Each step is a discrete skill that can be developed, tested, and improved independently. The workflow logic between them is simple conditional routing — no AI needed.

This is the architecture that scales. When step 2 starts failing because the PO format changed, you fix that one skill. The rest of the workflow is unaffected.

The role of human oversight

Skills also make human-in-the-loop patterns practical. You can insert review points at natural boundaries:

  • After data extraction: “Here’s what I found in the invoice. Look correct?”
  • After validation: “This invoice doesn’t match the PO. Amount differs by $230. Proceed anyway?”
  • After system entry: “I’ve entered the data. Please verify before I submit.”

Each checkpoint is a clear moment where a human can review, correct, or approve. This is much more natural than trying to supervise a monolithic agent that’s doing fifteen things at once.

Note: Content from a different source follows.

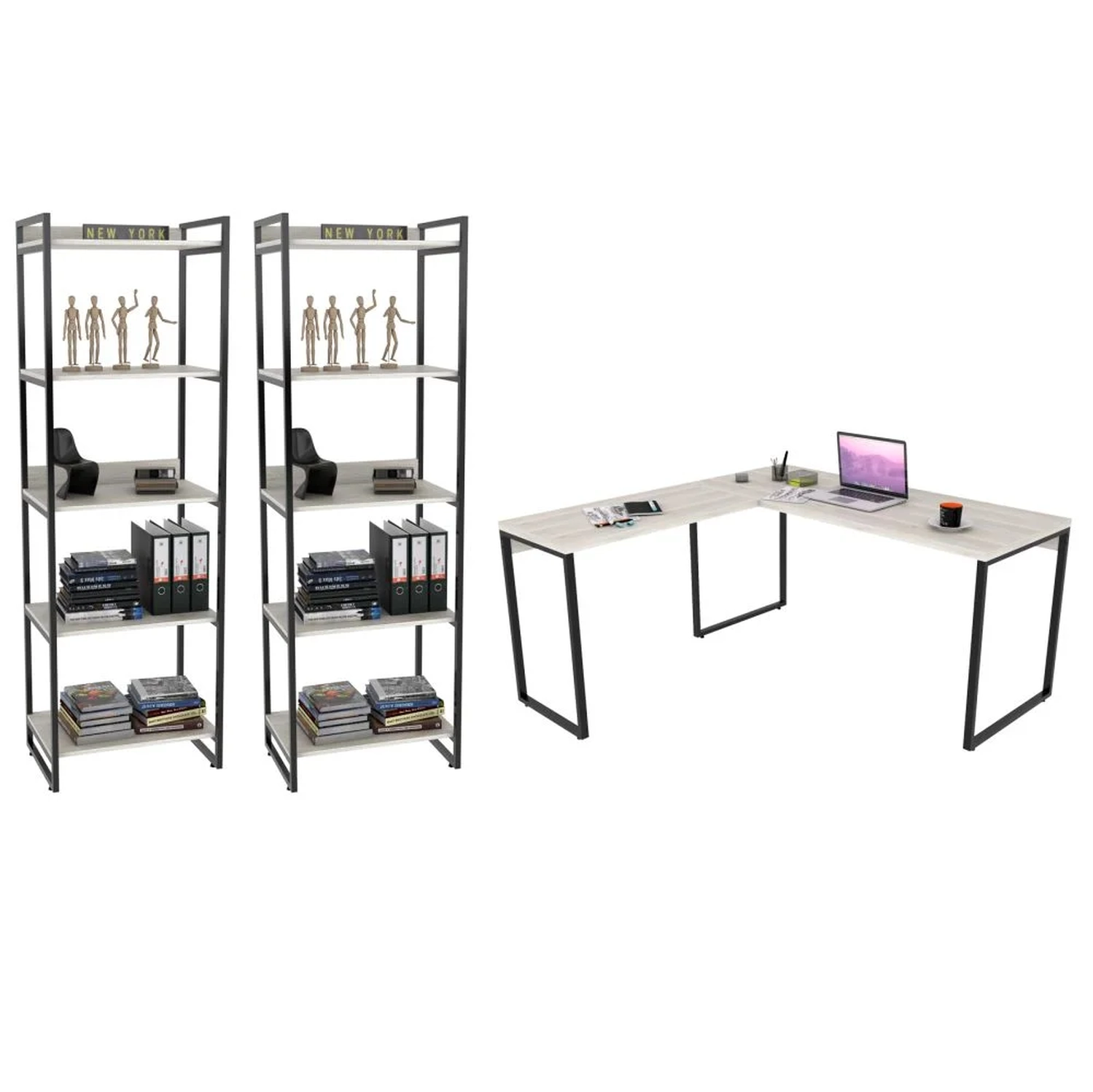 Conjunto Escritório Estilo Industrial Mesa 150x150cm e 2 Estantes 60cm 5 Prateleiras Prisma Snow - Mpozenato, são ideais para valorizar sua decoração garantindo praticidade e estilo. Confeccionadas em MDP de 15 mm com acabamento em BP e partes metálicas em pintura epóxi que proporcionam maior durabilidade e resistência aos produtos. Além disso, contam com design inovador com seu estilo industrial combinando os tubos de aço à madeira, trazendo um pouco do charme urbano ao seu ambiente. Ideal para expor objetos decorativos como livros. Adquira já!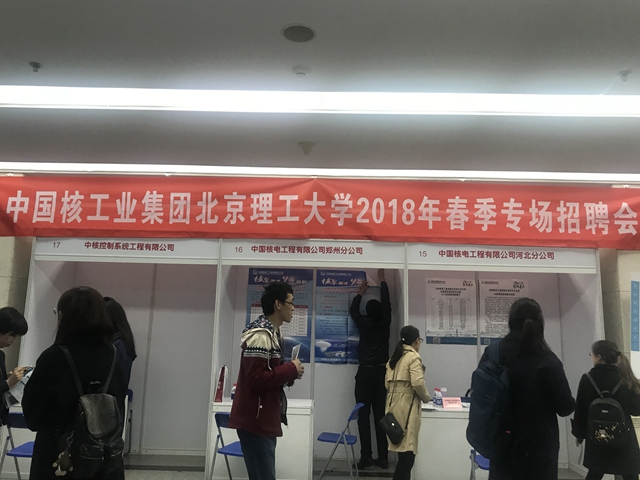 4月3日下午,北理工在體育館南廳舉辦了中國核工業(yè)集團春季專場招聘會。中國核電工程有限公司、中國原子能科學研究院、中國原子能工業(yè)有限公司、中國核科技信息和經(jīng)濟研究院等35家單位組團參加了本次招聘會。

Building skills with desktop automation

Desktop automation is a particularly good fit for the skills pattern. Many desktop workflows are sequences of discrete, well-defined tasks:

  • Read data from one application (open app, navigate to screen, extract information)
  • Transform or process the data (apply rules, format, calculate)
  • Enter data into another application (open target app, navigate, fill fields)

Each of these is a natural skill boundary. The AI handles the visual interpretation and interaction (seeing screens, clicking buttons, reading text), while the workflow logic handles the sequencing and decision-making.

The combination of AI vision, function calling, and skill-based architecture creates automation that’s both powerful and maintainable — a notable improvement over traditional approaches that try to do everything in one fragile script.

Getting started

If you’re building AI capabilities, start with skills. Pick one well-defined task your users do repeatedly. Build a skill that handles it reliably. Test it thoroughly. Then build the next one.

Resist the urge to build the grand unified agent. Instead, build a library of solid skills and compose them as needed. You’ll ship faster, fail less, and create something your users actually trust.

The best AI systems aren’t the ones that try to do everything. They’re the ones that do specific things exceptionally well — and combine them gracefully.